There is Something Rotten in China
One metric I look at fairly often for various countries is the relationship between the performance of stocks vs. bonds. The idea is straightforward enough: when stocks are outperforming bonds, it tends to be associated with a growing economy. When bonds are outperforming stocks, it is a tell that there is some sort of negative dynamic going on.
Why do I bring this up? In the US, stocks—represented by the SPY ETF—have just made a new high relative to the TLT ETF (which represents long-term US Treasury bonds). This would suggest that despite all the angst over inflation, the debt ceiling, and other issues, investors seem to taking a positive perspective.

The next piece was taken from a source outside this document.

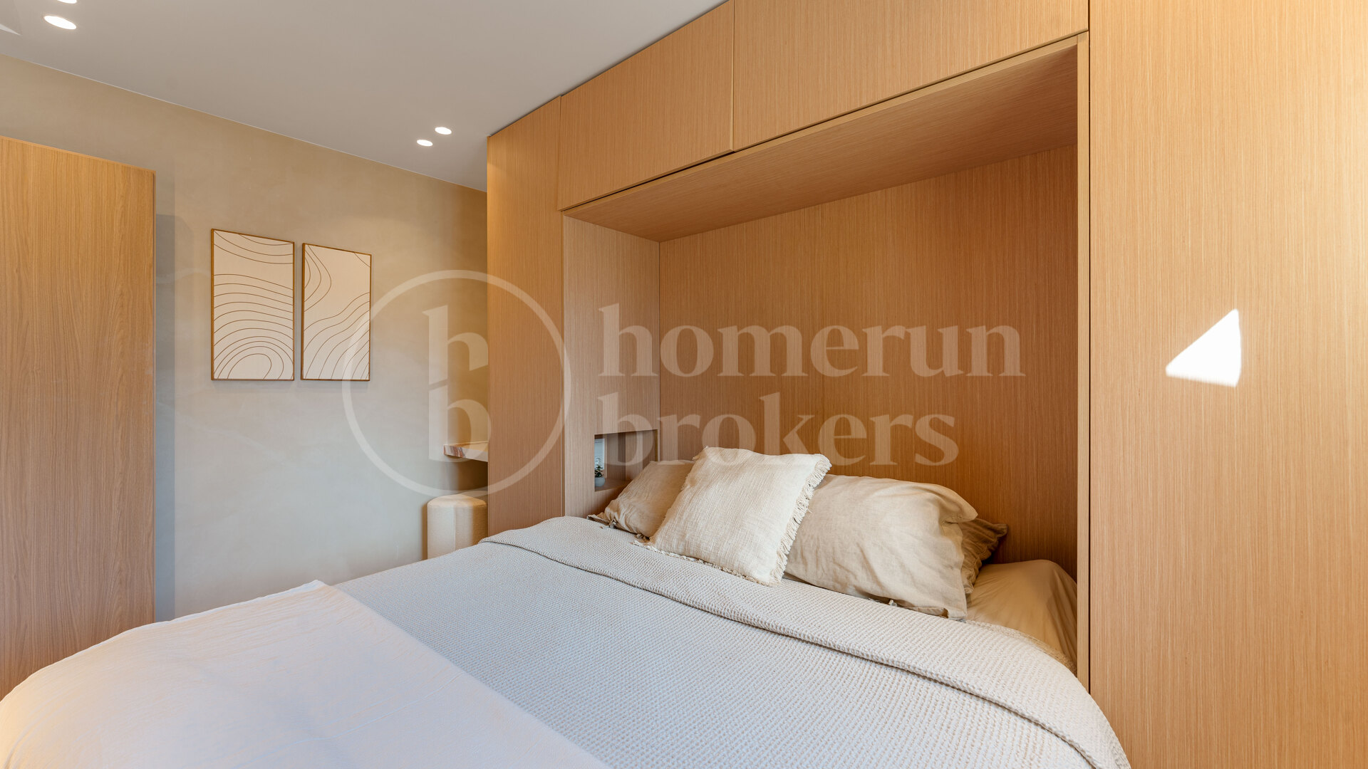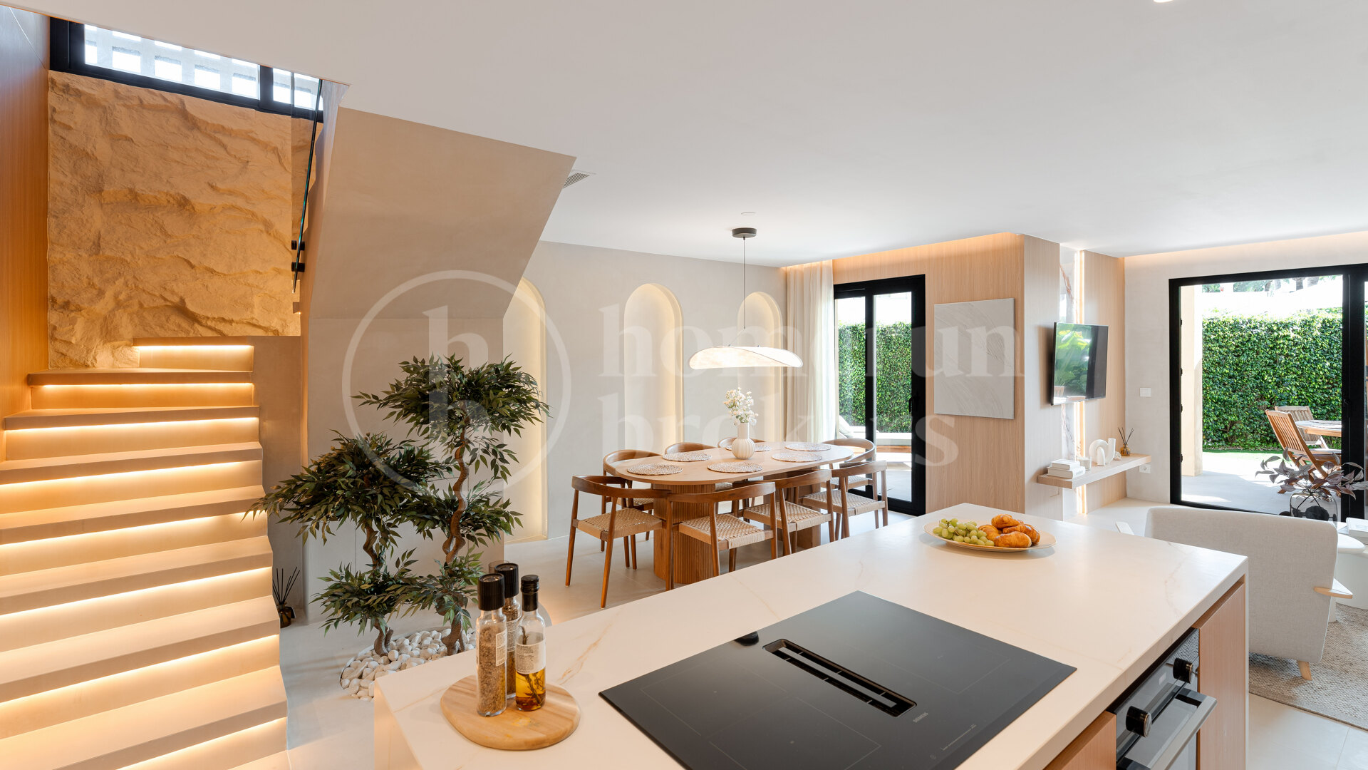The townhouse spans four bedrooms and three bathrooms, including one en-suite, a full family bathroom, and a guest toilet. Every detail of the renovation has been executed with precision and taste. The interiors feature bespoke carpentry, microcement finishes, and discreet LED lighting that creates a warm and inviting ambiance. The result is a home that feels both sophisticated and comfortable, equally suited for year-round living or as a luxurious holiday retreat.

This contrasts with China. In China, stocks have underperformed government bonds by about 50% since the beginning of 2021. This suggests there could be something rotten going on underneath the surface of the Chinese economy. Debt issues, housing issues, demographic issues, and geopolitical issues all could be weighing on sentiment toward Chinese equities and growth.
To further validate the theory that there is something rotten in China, I overlay the CNY/USD on the stock/bond chart. The CNY is weakening alongside this relationship of bonds outperforming stocks.
While last fall, the market began to discount the opening of China, now the dynamic seems to have changed. Copper did a good job signaling the upturn in Chinese GDP estimates for 2023. With the Chinese reopening seeming to have less thrust than was anticipated, copper prices are falling again. This could telegraph a downturn in Chinese growth estimates.